» **TO DO**:
Please return the data word for word and leave out any picture it contains.

» **DATA EXCERPT**:
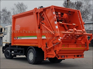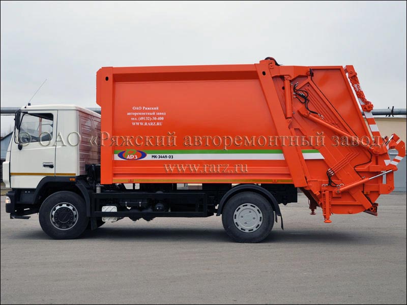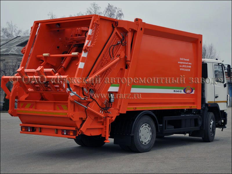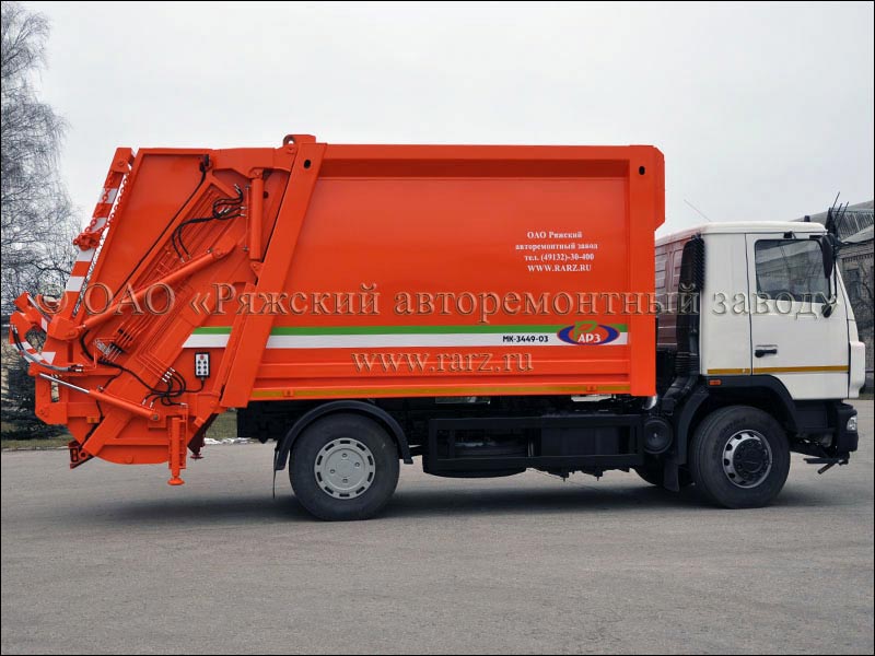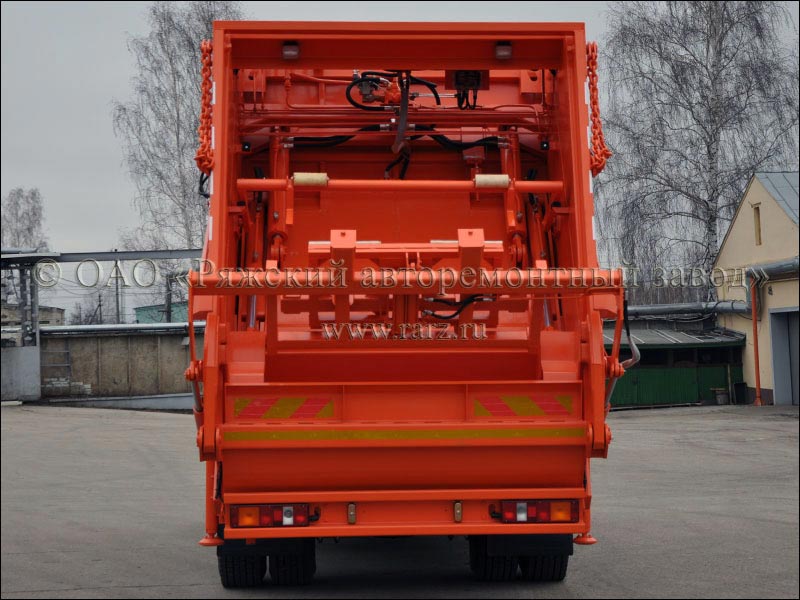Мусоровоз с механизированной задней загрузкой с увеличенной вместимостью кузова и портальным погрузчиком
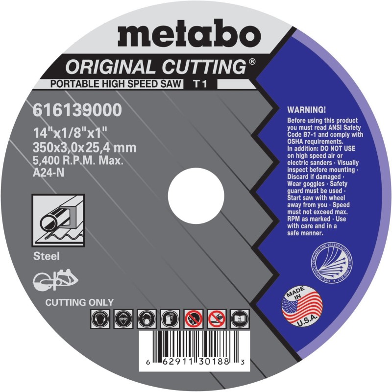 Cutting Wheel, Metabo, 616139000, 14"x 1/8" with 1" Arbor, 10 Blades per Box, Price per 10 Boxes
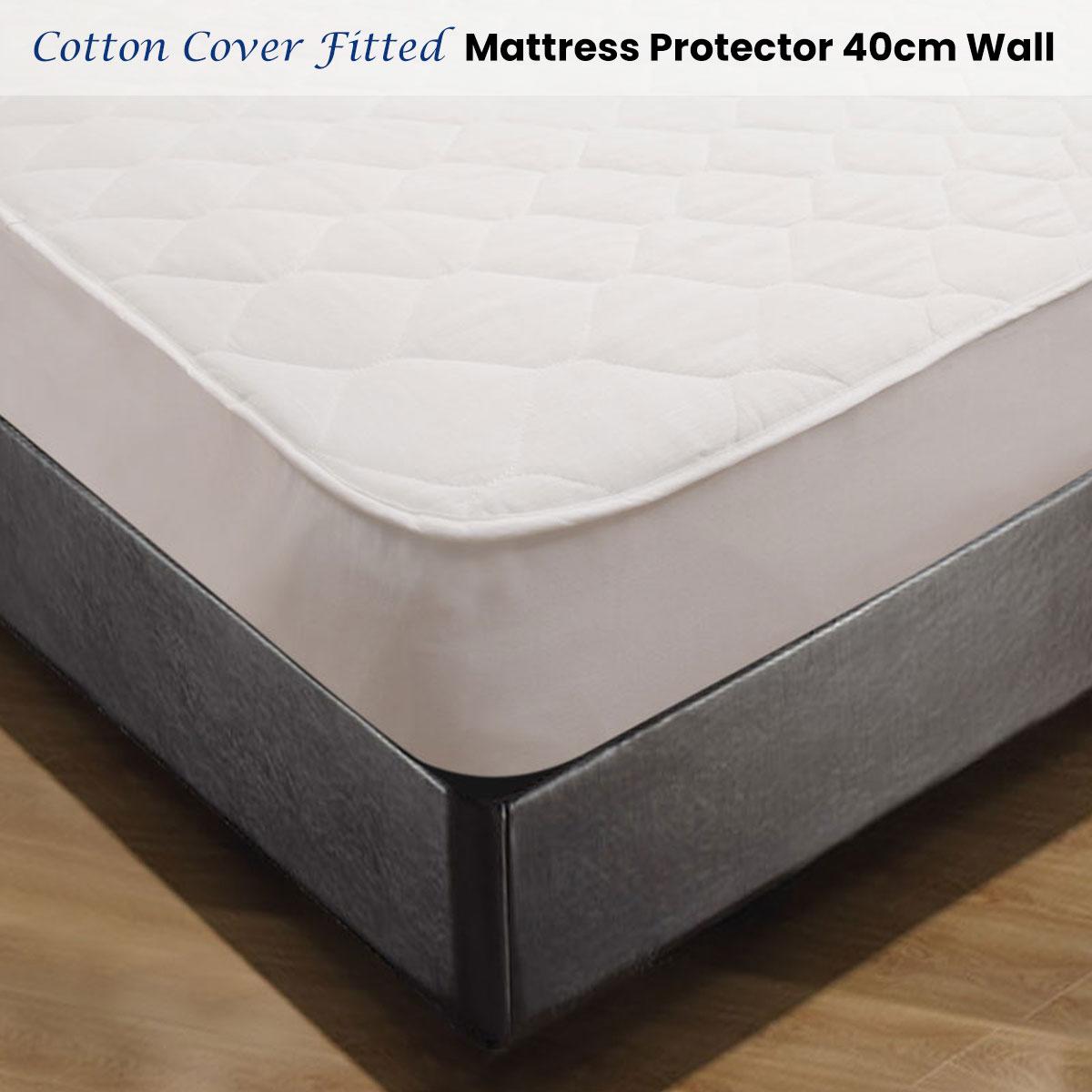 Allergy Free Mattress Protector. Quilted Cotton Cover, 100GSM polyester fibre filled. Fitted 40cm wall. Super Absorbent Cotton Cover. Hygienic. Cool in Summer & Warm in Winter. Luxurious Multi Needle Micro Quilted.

» **RESULT OF THIS EXERCISE**:
Мусоровоз с механизированной задней загрузкой с увеличенной вместимостью кузова и портальным погрузчиком
 Cutting Wheel, Metabo, 616139000, 14"x 1/8" with 1" Arbor, 10 Blades per Box, Price per 10 Boxes
 Allergy Free Mattress Protector. Quilted Cotton Cover, 100GSM polyester fibre filled. Fitted 40cm wall. Super Absorbent Cotton Cover. Hygienic. Cool in Summer & Warm in Winter. Luxurious Multi Needle Micro Quilted.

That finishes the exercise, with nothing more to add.